It was a revelation. It's a brave singer indeed who
has the skill and self-belief to take on Ms Mitchell's
repertoire. Mr Shaw sang fourteen of her compositions
and lived to tell the tale! Bravo indeed!
His new album is a small masterpiece. Voice and piano
(he accompanies himself) nothing more, nothing less.
The concentrated intensity of his performances are
riveting. Whether in a light-as-a-feather rendition of
Noel Coward's 'If Love Were All' or the brutally
exposed interpretation of Nick Cave's transcendently
beautiful 'Into My Arms', he remains focussed and wonderfully
attentive to the spirit of his chosen material.
It is an exquisite engagement.
Even an old warhorse like 'Who Can I Turn To ?' comes up
smelling of roses given Mr Shaw's careful love and attention.
His tone is warm and rich and he is not afraid of taking
the occasional risk.
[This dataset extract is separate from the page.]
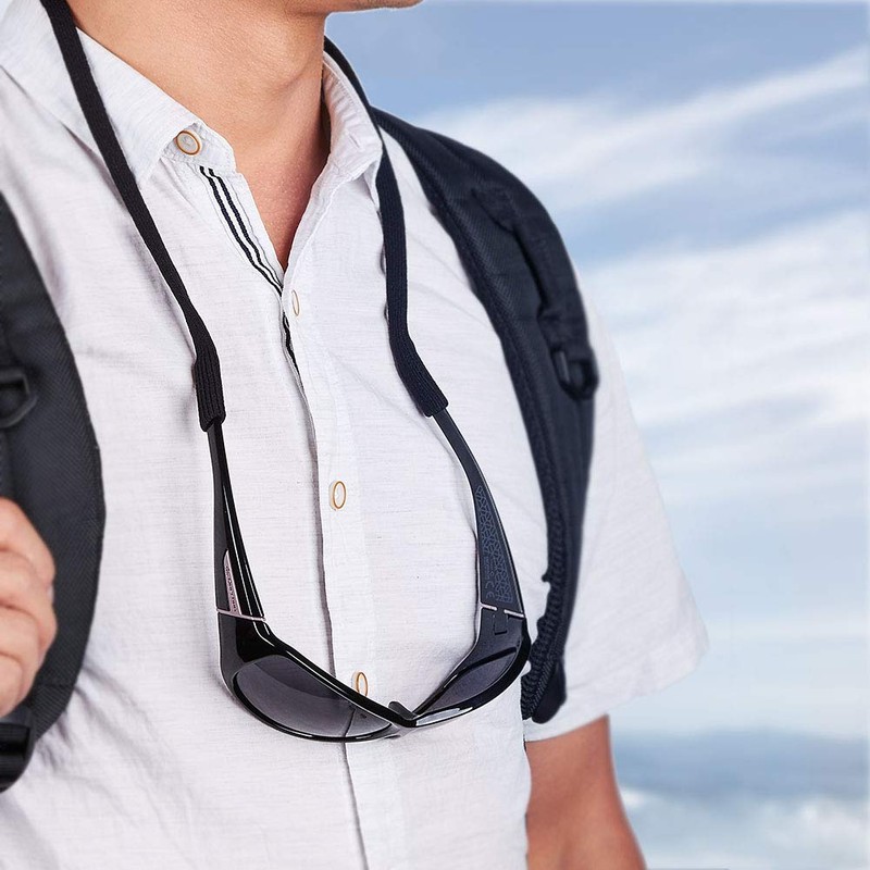 - Secure & Perfect Fit - Each sunglasses cord is 11.8 inches long, with a black anti-slip spring button slider that can be adjusted as tightly or loosely as you want. Athletic elastic rope allow for a perfect fit every time. The headband keeps them secure on your head with no risk of falling off. Hang the lanyards-style sunglasses retainer around your neck when not in use and you’ll never lose your sunglasses again

Throwing a falsetto line up into the
air with little fear about where it might land.
Final track, a simple but lovely piano arrangement of the
Welsh folk-song 'Watching The White Wheat', gives a gentle
and affectionate nod to his roots and closes the door quietly
on this comsumately conceived and performed collection of songs.
In some ways Mr Shaw might be thought of as a "singer's singer"
but 'Somewhere Toward's Love' really does deliver something
richly rewarding for anyone who might want to take the chance.